The sigmoid function is an S-shaped curve that can scale any real number to be between 0 and 1, but never exactly reach 0 or 1. Once the numbers are mapped to sit between 0 and 1 they are transformed into either a 0 (no) or 1 (yes) using a threshold value.
Ultimately, the threshold value is arbitrary, however, in practice it’s usually selected as 0.5 or 50%. This provides symmetry as it’s a number in the middle.
Any value below the threshold line will be projected onto the 0 line and classified as a ‘no’, while any value above the threshold line will be projected onto the 1 line and classified as a ‘yes’.
OK, so we now know whether our model predicts a customer will buy something. But how likely are they to buy?
Since logistic regression works on probabilities, we can project the data point onto the vertical axis and obtain the probability of something happening.
Here’s the formula for logistic regression:
y = e^(b0 + b1*x) / (1 + e^(b0 + b1*x))
y is the dependent variable or predicted output. In our example that’s whether a customer will make a purchase or not.
x is the independent variable or predictor. We assume that the independent variable is causing the dependent variable to change in some way. Here we’re talking about the age of potential customers.
b1 is the coefficient for the independent variable. This coefficient controls the angle or slope of the our line and expresses how a unit change in x (older age) effects a unit change in y (more likely to buy).
b0 is the constant term. This is the point where your trendline crosses the horizontal axis.
e represents what’s called Euler’s number and is the actual numerical value that we’re looking to transform with the sigmoid function.
Logistic regression vs linear regression
At this point, you may be like “hold the phone – didn’t we already talk about a regression somewhere else?” and the answer is yes, yes we did – here.
Regression analysis is all about estimating and understanding the relationship between variables. Because of this, both linear regression and logistic regression are similar in the role they carry out.
In fact, you might even recognize elements of the linear regression formula in the logistic regression formula.

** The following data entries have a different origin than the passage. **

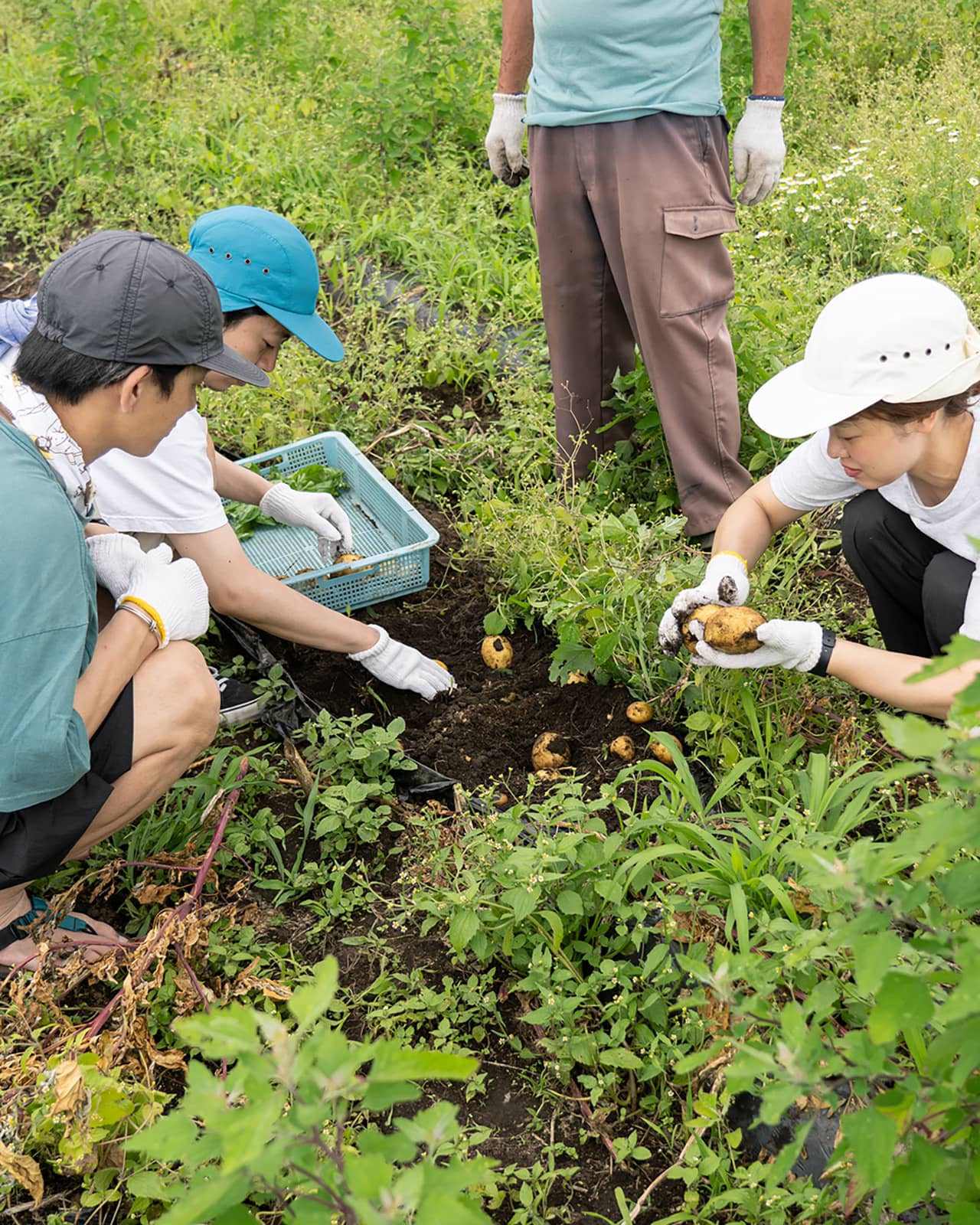 ここは野菜の収穫体験ができる場所で、夜のおいしいご飯の為の調達をします。いつも生活している同じ東京都内とは思えない緑の広がり。穏やかな時間が流れてました。
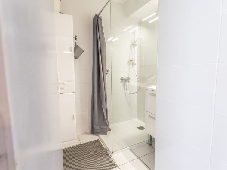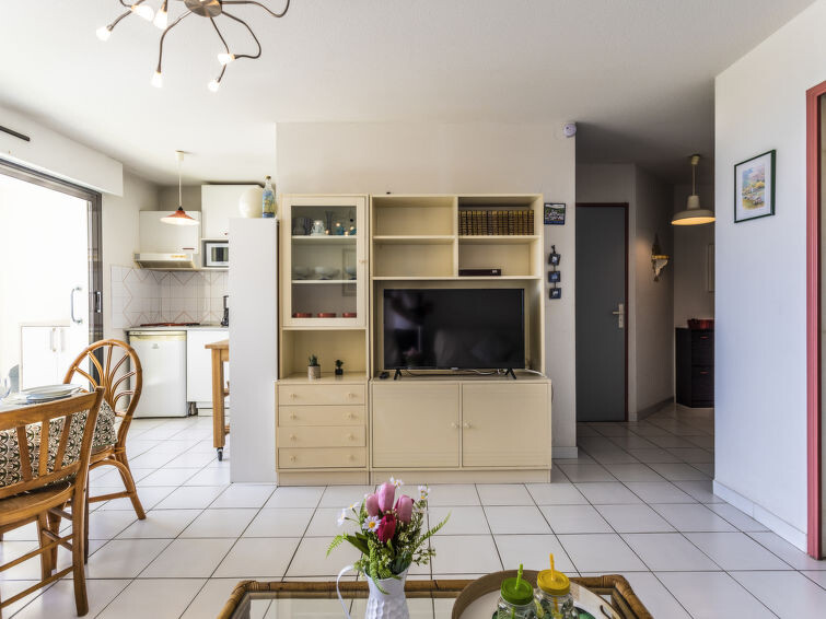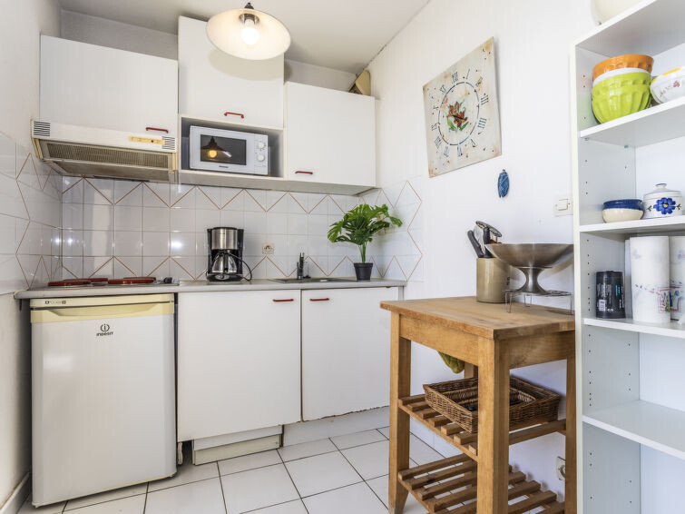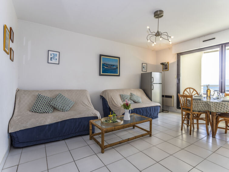 Appartement 3-kamers 41 m2 op de 3e verdieping. Woon-/eetkamer met TV. Uitgang naar het terras. 1 kamer met 1 2-pers bed (140 cm, lengte 190 cm). 1 kleine kamer met 1 x 2 stapelbedden (90 cm, lengte 190 cm). Kookhoek (2-pits kookplaat, afwasmachine, magnetron). Douche, aparte WC. Elektrische verwarming. Terras 9 m2 gedeeltelijk overdekt, op het oosten gelegen. Terrasmeubelen. Uitzicht op zee. Ter beschikking: Internet (Internet (WiFi), extra). Parkeerplaats nr. 106. Geschikt voor families. Rookmelders. Aanbod door een particulier volgens art. 155, IV van CGI.
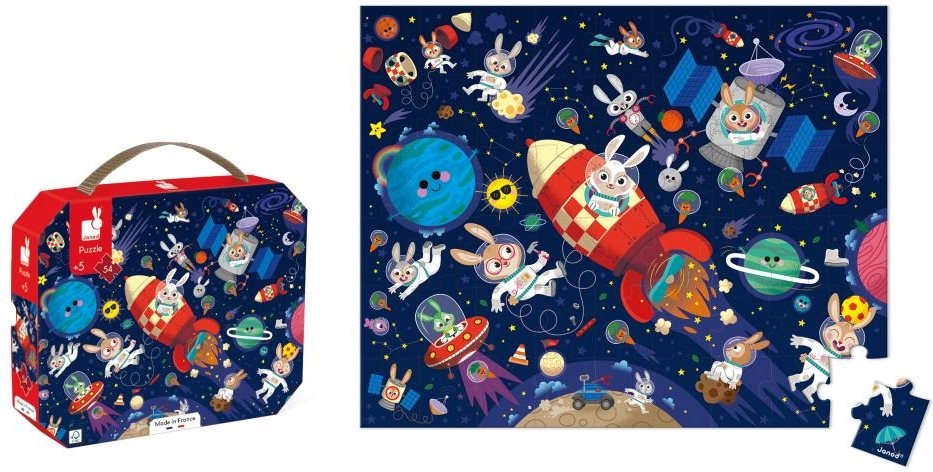 Ce puzzle stylé au thème spatial développe l’imagination des enfants, la patience et la motricité fine. La valisette en carton avec poignée permet aux enfants d’emporter le puzzle partout – en visite, en vacances ou à la maternelle. L’emballage comprend également un poster modèle qui aide lors de l’assemblage et favorise l’autonomie.
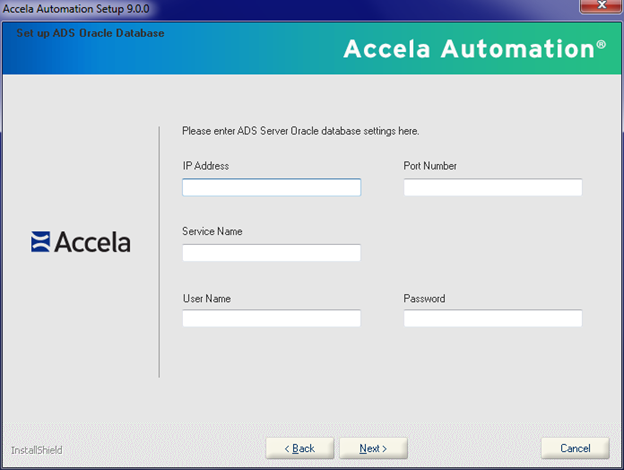 The Set up ADS Server Oracle Database screen displays.
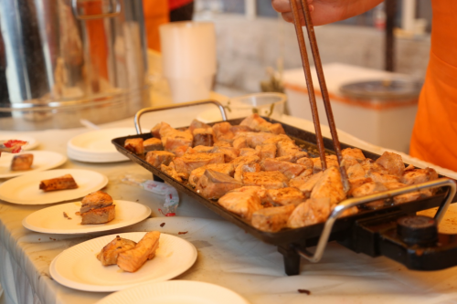 2019龙羊峡三文鱼中国峡湾挑战赛将三文鱼作为赛道补给,为参赛选手提供三文鱼肉松、三文鱼刺身、煎鱼排、三文鱼寿司等新鲜美味和快捷方便的美食,帮助参赛选手补充身体所需营养和电解质。选手在进行补给时对三文鱼食品赞不绝口,纷纷表示新鲜、美味,不虚此行!
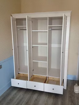 Шкаф имеет 3 отделения: правое и левое отделения с полкой и штангой под полкой, среднее отделение имеет 3 полки, которые регулируются по высоте. Под каждой дверью имеется выдвижной ящик на роликовых направляющих. Дополнительно можно приобрести встраиваемые полки (арт. 87409) в левое или правое отделение.
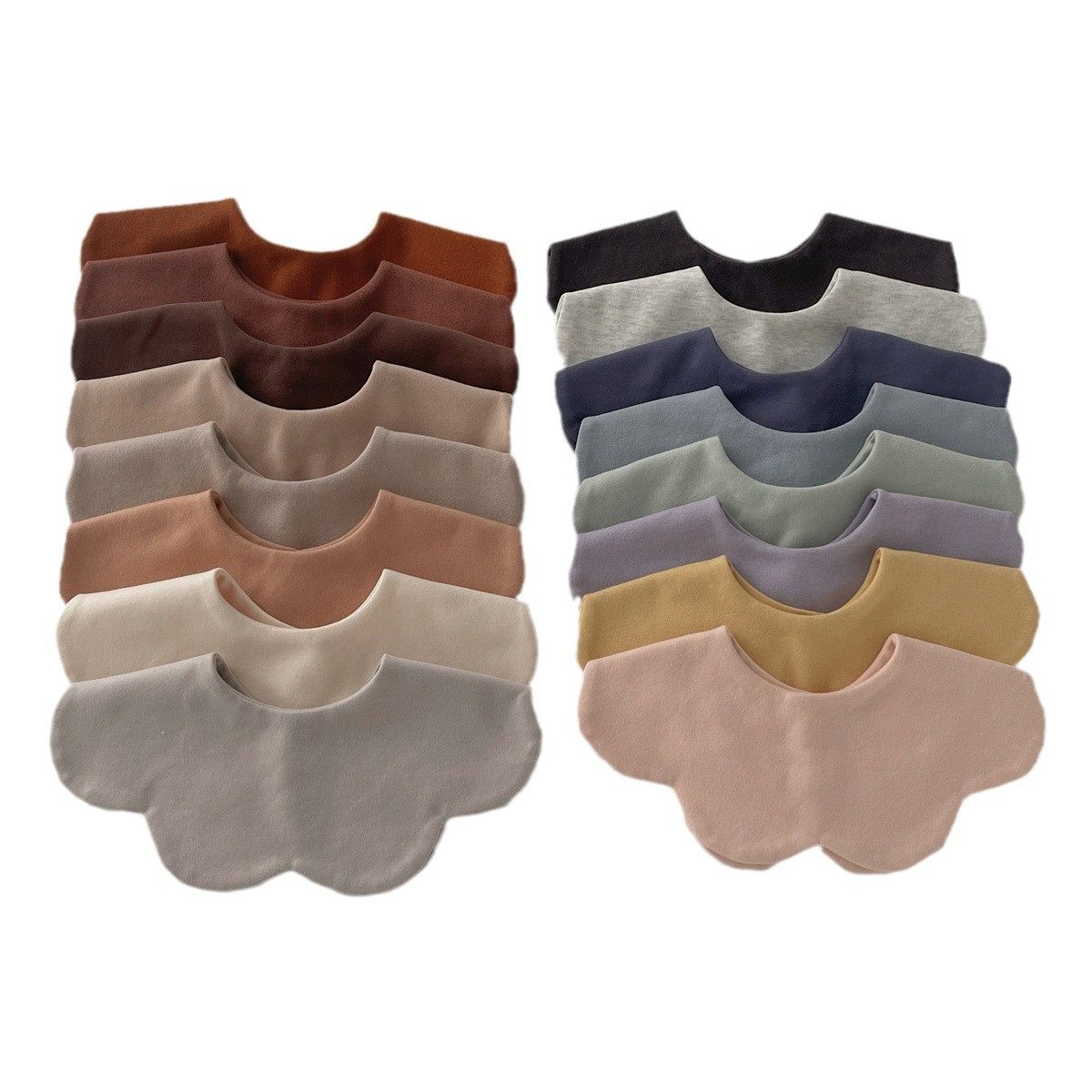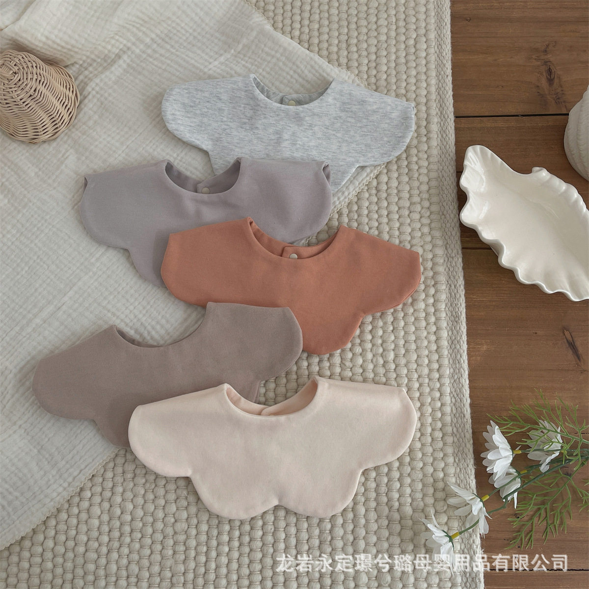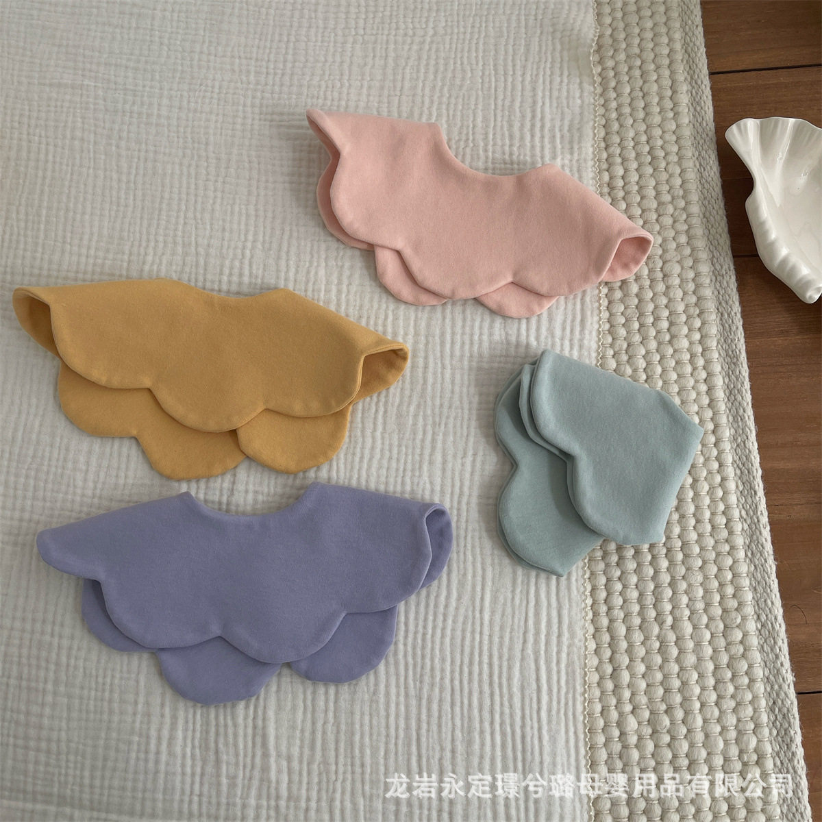 韩版莫兰迪纯色婴幼儿口水巾纯棉花瓣围嘴 双面可以纯色围兜
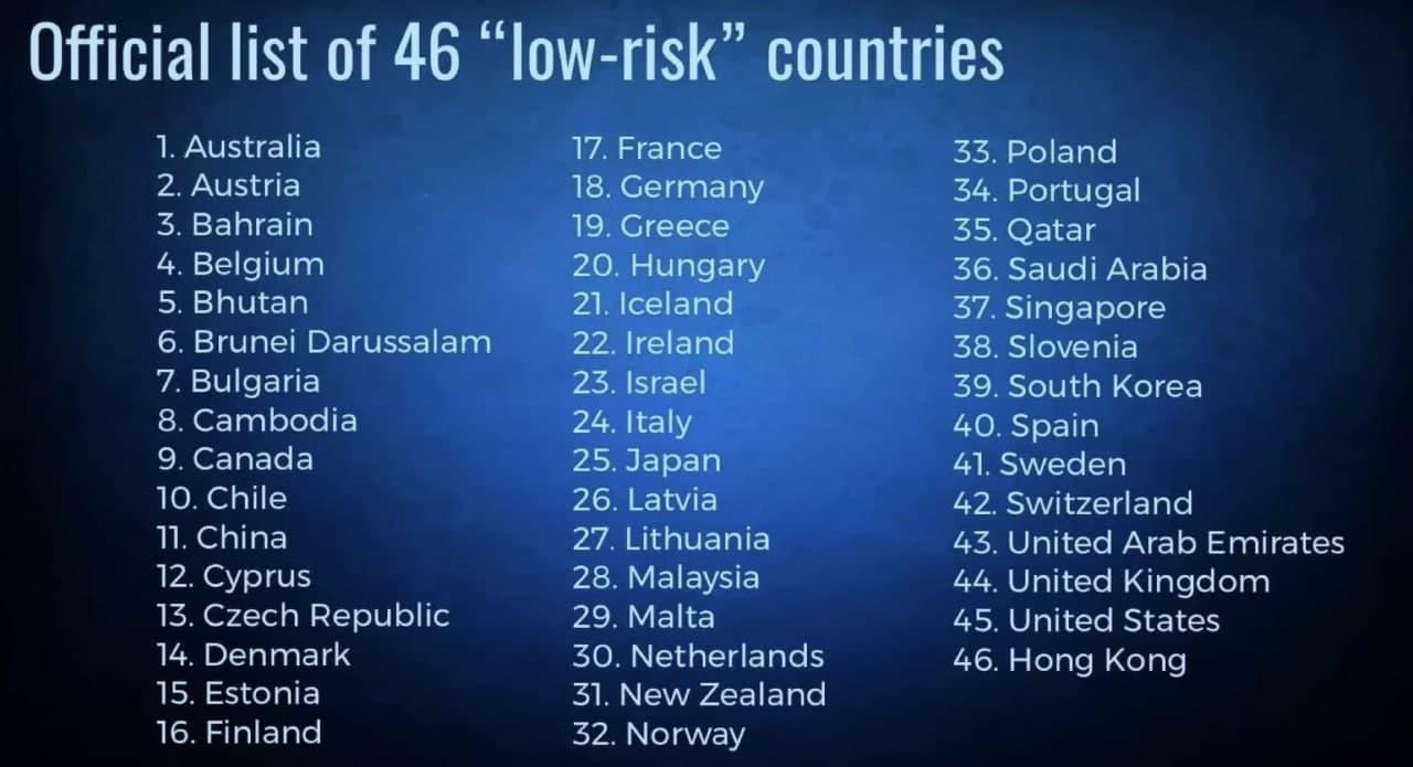 គួរបញ្ជាក់ថា ការបង្កើនចំនួនប្រទេសរហូតដល់ ៤៦ និងបូកថែមទីក្រុងស្វយ័តហុងកុង របស់ប្រទេសចិនថែមមួយទៀតនេះ បានកើតមានឡើងតែប៉ុន្មានថ្ងៃប៉ុណ្ណោះ បន្ទាប់ពីថៃបានប្រកាសថា នឹងអនុញ្ញាតការធ្វើដំណើរ ដោយមិនចាំបាច់តម្រូវឲ្យធ្វើចត្តាឡីស័ក ពេលមកដល់ប្រទេសនេះ តែពីសំណាក់ប្រទេសចំនួន ១០ប៉ុណ្ណោះ។
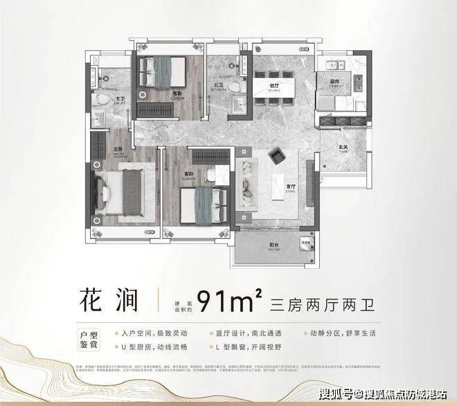 肆:令人惊艳的户型户型设计主打 “实用” 和 “通透”✨ 91-168㎡的三至四房,亮点超多:✔️91㎡四开间朝南:U 型厨房利用率高,小户型也能做到全明格局,刚需家庭闭眼入;✔️106㎡三房 / 四房:大阳台是标配,采光通风一级棒,功能空间划分合理,三口之家住得舒服;✔️142-168㎡大户型:2 梯 2 户私密性好,大开间设计 + 宽景阳台,适合改善家庭,整体布局中规中矩,符合大众居住习惯。没有花里胡哨的设计,每一寸空间都用在刀刃上,住起来踏实又舒服~
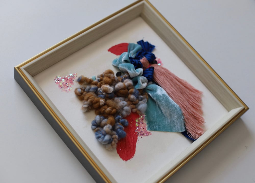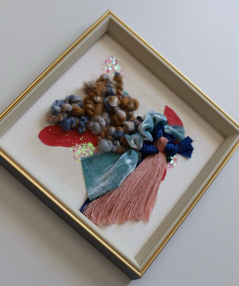 Materials: Wool , recycled cotton, beads, velvet, African print, acrylic paint and a dash of sprinkles on acrylic paper
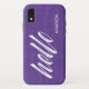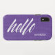 Hello White Script Name Purple Linen Texture Photo Case-Mate iPhone Case
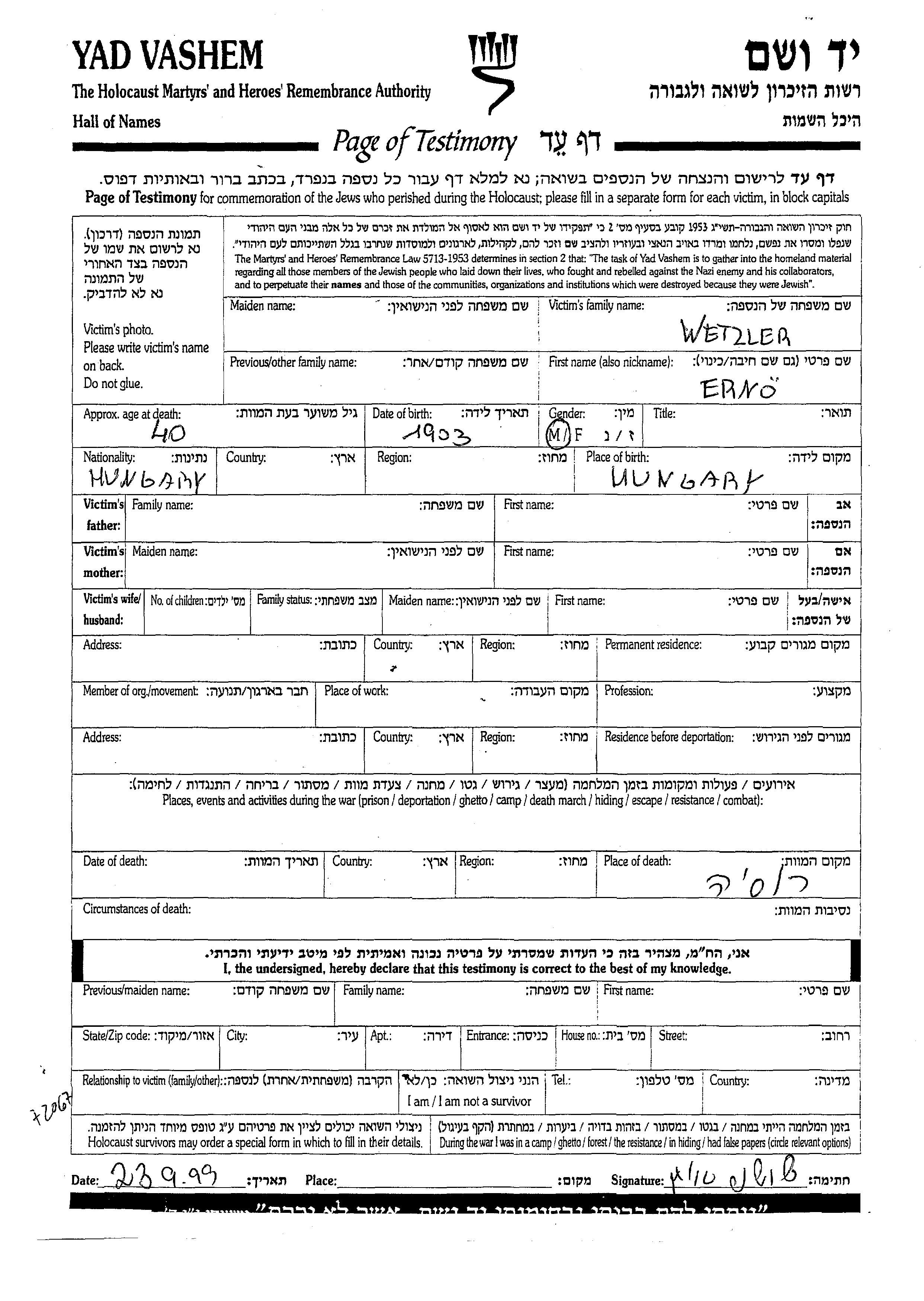 Erno Wetzler wurde im Jahr 1903 in Ungarn geboren.

That’s because logistic regression is a linear method that has been transformed using the logistic function (via the sigmoid function).
At the end of the day, both algorithms are doing the same thing – they are using an equation to find the line that best fits the variables found in a dataset.
Linear regression, however, predicts a continuous outcome that is measured along a sliding numeric scale (like house prices, for example), while logistic regression predicts a discrete, or binary outcome, which means the outcome will always be one thing or another – an email is spam or it is not spam.
IRL, a linear regression might predict that a house will sell for $100,000, whereas a logistic regression would predict yes the house will sell based upon certain defined variables.
What happens if you want to classify something with more than two possible outcomes?
Well, luckily, logistic regression’s got your back here too.
Using a method called one-vs-all classification – or multiclass classification – you can carry out the same level of prediction as a logistic regression, but for multiple variables.
In multiclass classification, you train multiple logistic regression classifiers – one for each class in your data set. Your multiclass classifier will then pick the logistic regression classifier that outputs the highest probability. Easy.
So that’s the basics of logistic regression, an undeniable contender for MVP of machine learning, statistics, and data analysis.